* Work required: Print the lines below word for word, beginning with the first and ending with the line that holds "Bébé Calin Margaux", and skip every picture.

Data records:
################

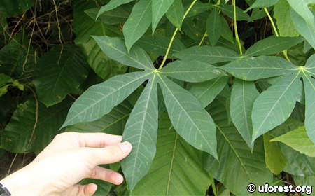 Manihot esculenta is a common shrub found in sunny areas usually along forest edges, and also frequently cultivated for the edible tubers. It has palmately compound leaves, and differs from a close relative Manihot carthagenensis subspecies glaziovii with the latter having larger leaves and broader tips at the lobes.
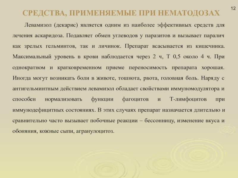Слайд 12СРЕДСТВА, ПРИМЕНЯЕМЫЕ ПРИ НЕМАТОДОЗАХ
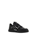 Calfskin VL7N Sneakers by Valentino Garavani, perforated round toe, flat sole, front lace-up closure, contrasting embroidered logo label on front tab, paneled design, webing bands with contrasting iconic brand monogram applied to side panels.
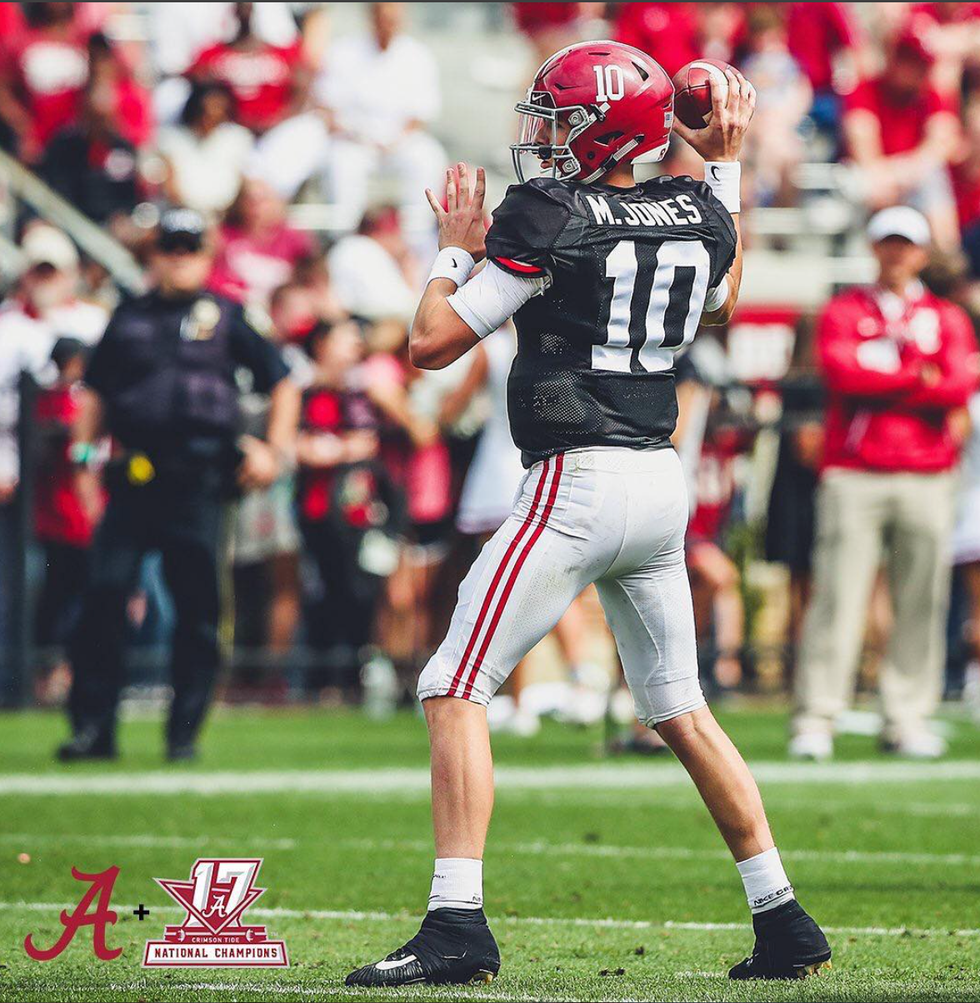With Tua Tagovailoa out due to a thumb injury, Jones took nearly every snap under center for the Crimson team.
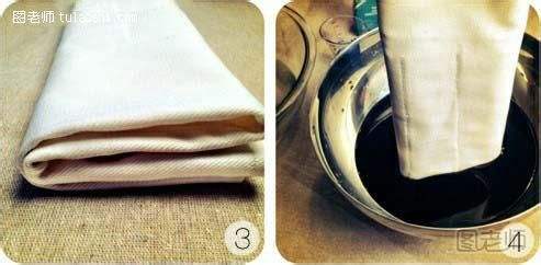 开始蜡染毛刷袋子了:先准备好专用蜡染颜料,装满5杯冰水,一个碗,填补其他一碗滚烫的水5杯和汤匙盐或醋
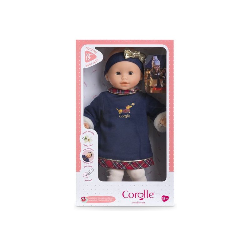Bébé Calin Margaux Corolle en Fêtes est le petit poupon de 30 cm parfait à offrir pour Noël.
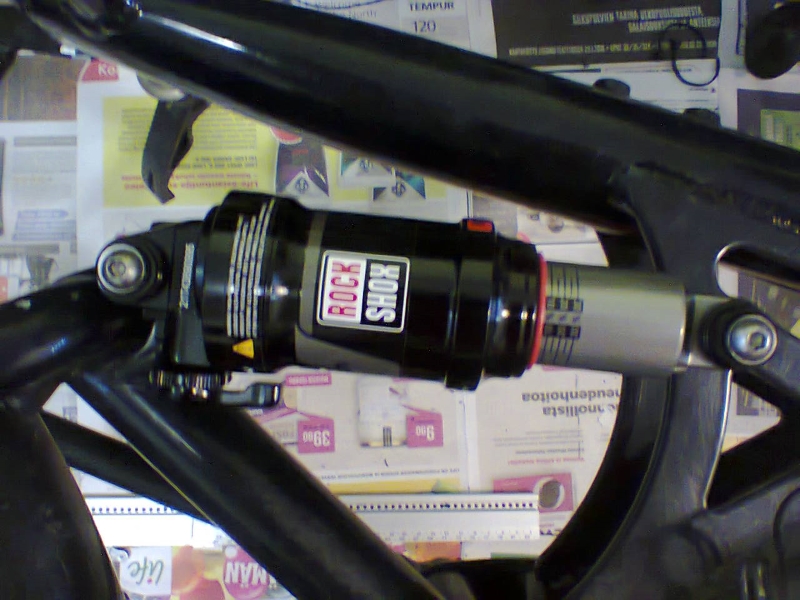 No niin sähläys jatkuu . Otin scorpionin oikein kunnolla työn alle ja ekana vaihtamaan iskarin parempaan, Rockshox monarch ilmaiskariin. No ei sitten mennyt kuin strömsössä tämäkään, luin scorpionin manuaalista netistä asennusohjeen ja ei se kyllä siihen mene sillä tavalla. Sähköpostia lähetetty et mites tää kuuluisi laittaa. Kuitenkin ihan oikea iskari tilattu, joten joku juttu tästä nyt menee ohi. Vai miten te laittaisitte tämän? Iskari on tahallaan tuolleen kiinnikkeiden päällä malliksi näyttämään miten asianlaita on...kokeilin laittaa sitä myös oikeaan paikkaansa, mutta kiinnikepultteja ei saa edes kiinni saakka koska iskarin lukitusvipu ja säätöpylpyrä osuvat haarukan putkeen.

################

* Expected output:
 Manihot esculenta is a common shrub found in sunny areas usually along forest edges, and also frequently cultivated for the edible tubers. It has palmately compound leaves, and differs from a close relative Manihot carthagenensis subspecies glaziovii with the latter having larger leaves and broader tips at the lobes.
Слайд 12СРЕДСТВА, ПРИМЕНЯЕМЫЕ ПРИ НЕМАТОДОЗАХ
 Calfskin VL7N Sneakers by Valentino Garavani, perforated round toe, flat sole, front lace-up closure, contrasting embroidered logo label on front tab, paneled design, webing bands with contrasting iconic brand monogram applied to side panels.
With Tua Tagovailoa out due to a thumb injury, Jones took nearly every snap under center for the Crimson team.
 开始蜡染毛刷袋子了:先准备好专用蜡染颜料,装满5杯冰水,一个碗,填补其他一碗滚烫的水5杯和汤匙盐或醋
Bébé Calin Margaux Corolle en Fêtes est le petit poupon de 30 cm parfait à offrir pour Noël.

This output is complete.